- [WHAT THIS TASK INVOLVES]: Your task is to retype, exactly, the line containing "By 16 UTC, the" and every later line through the end of the listing, with pictures omitted.

- [RECORDED DATA]:
==========

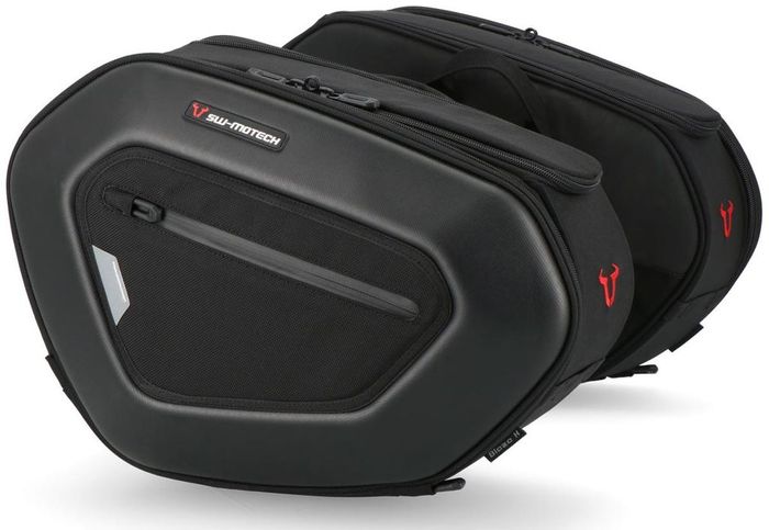 The PRO BLAZE HIGH saddlebags with removable support arms impress with a sporty look, low weight and a clever fastening system. SW-MOTECH manufactures the bags from robust and especially UV-resistant 1680D Ballistic Nylon. In combination with side panels made of dimensionally stable EVA material, the luggage is protected from splashing water and dust. Developed specifically for sporty motorcycles, the saddlebags have minimal effect on handling performance. When travelling without luggage, the removable support arms can be detached with a simple step, leaving only inconspicuous holders behind on the bike. PRO BLAZE saddlebags with bike-specific support arms allow you to convert sporty bikes to touring motorcycles in seconds Light weight and sporty look Side walls made of dimensionally stable, laminated EVA plastic Made from durable, highly UV-resistant 1680D ballistic nylon with water resistant interior coating A powerful Velcro strap additionally secures the left and right saddlebags and offsets the weight of the luggage Upper side of the Velcro strap covered with anti-slip material for a secure hold on the passenger seat Zippered volume expansion Main pocket is loaded from the top Outer pocket with covered zipper MOLLE attachment made of sturdy Hypalon material on the front for accessory bags Practical carrying handle Reflective details for more safety in traffic
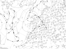 By 16 UTC, the nearing trough provided enough forcing for convection to be triggered over the northern part of the Alps. The cells found a very favorable environment for further development in the Alpine foothills and the Danube Valley with CAPE values of more than 2000 J/kg. Over Bavaria, the thunderstorms brought locally large hail stones as well as very strong convective downdrafts. While moving quickly northeastwards into the northern part of Bavaria, the shear increased, as here the surface low induced more southeasterly winds superposed by the mid-level southwesterlies induced by the upper-level trough. By 20 UTC, multiple supercells formed across the northern part of Bavaria bringing torrential downpours, with more than 120 mm of rain falling in a short period at Bad Berneck. In the nighttime hours, the supercells moved into Saxony, dissolving into a broad area heavy convective precipitation.
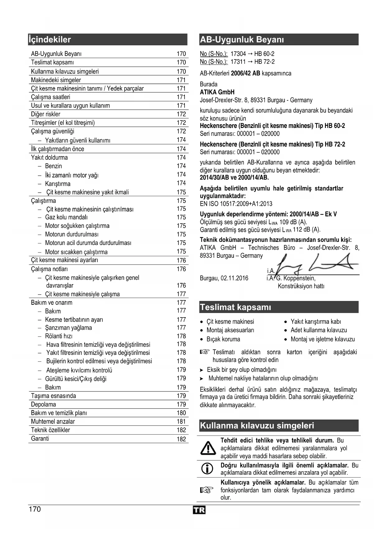 AB-Uygunluk Beyanı No (S-No.): 17304 HB 60-2 No (S-No.): 17311 HB 72-2 AB-Kriterleri 2006/42 AB kapsamınca Burada ATIKA GmbH Josef-Drexler-Str. 8, 89331 Burgau - Germany kuruluşu sadece kendi sorumluluğuna dayanarak bu beyandaki söz konusu ürünün Heckenschere (Benzinli çit kesme makinesi) Tip HB 60-2 Seri numarası: 000001 – 020000 Heckenschere (Benzinli çit kesme makinesi) Tip HB 72-2 Seri numarası: 000001 – 020000 yukarıda belirtilen AB-Kurallarına ve ayrıca aşağıda belirtilen diğer kurallara uygun olduğunu beyan etmektedir: 2014/30/AB ve 2000/14/AB. Aşağıda belirtilen uyumlu hale getirilmiş standartlar uygulanmaktadır:
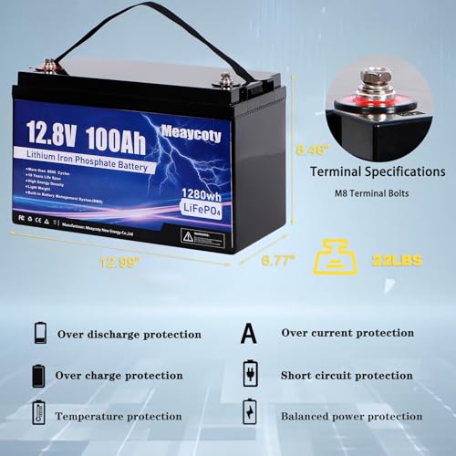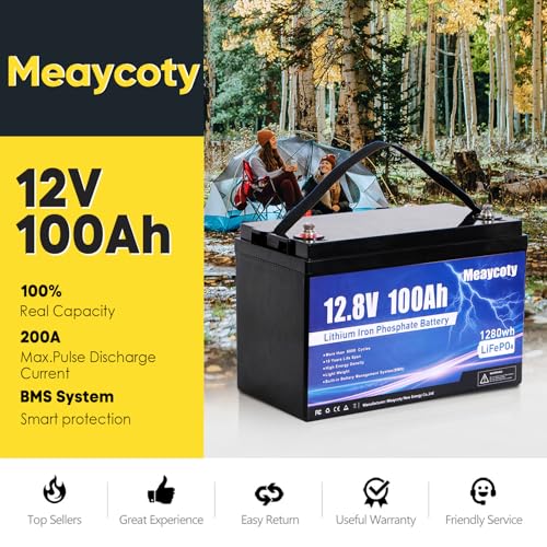 100% BMS Protection: Meaycoty 12V 100Ah lifepo4 battery has a built-in 150A BMS, the continuous charge and discharge current is upgraded to 100A, the peak discharge current is 200A for 5 seconds, and supports a maximum load power of 1000W. The BMS system provides overcharge, over discharge, over current, short circuit, low temperature and high temperature protection. If the battery status is abnormal, the BMS will immediately cut off the power supply to ensure that no accidents will occur.

==========

- [EXERCISE OUTPUT]:
 By 16 UTC, the nearing trough provided enough forcing for convection to be triggered over the northern part of the Alps. The cells found a very favorable environment for further development in the Alpine foothills and the Danube Valley with CAPE values of more than 2000 J/kg. Over Bavaria, the thunderstorms brought locally large hail stones as well as very strong convective downdrafts. While moving quickly northeastwards into the northern part of Bavaria, the shear increased, as here the surface low induced more southeasterly winds superposed by the mid-level southwesterlies induced by the upper-level trough. By 20 UTC, multiple supercells formed across the northern part of Bavaria bringing torrential downpours, with more than 120 mm of rain falling in a short period at Bad Berneck. In the nighttime hours, the supercells moved into Saxony, dissolving into a broad area heavy convective precipitation.
 AB-Uygunluk Beyanı No (S-No.): 17304 HB 60-2 No (S-No.): 17311 HB 72-2 AB-Kriterleri 2006/42 AB kapsamınca Burada ATIKA GmbH Josef-Drexler-Str. 8, 89331 Burgau - Germany kuruluşu sadece kendi sorumluluğuna dayanarak bu beyandaki söz konusu ürünün Heckenschere (Benzinli çit kesme makinesi) Tip HB 60-2 Seri numarası: 000001 – 020000 Heckenschere (Benzinli çit kesme makinesi) Tip HB 72-2 Seri numarası: 000001 – 020000 yukarıda belirtilen AB-Kurallarına ve ayrıca aşağıda belirtilen diğer kurallara uygun olduğunu beyan etmektedir: 2014/30/AB ve 2000/14/AB. Aşağıda belirtilen uyumlu hale getirilmiş standartlar uygulanmaktadır:
 100% BMS Protection: Meaycoty 12V 100Ah lifepo4 battery has a built-in 150A BMS, the continuous charge and discharge current is upgraded to 100A, the peak discharge current is 200A for 5 seconds, and supports a maximum load power of 1000W. The BMS system provides overcharge, over discharge, over current, short circuit, low temperature and high temperature protection. If the battery status is abnormal, the BMS will immediately cut off the power supply to ensure that no accidents will occur.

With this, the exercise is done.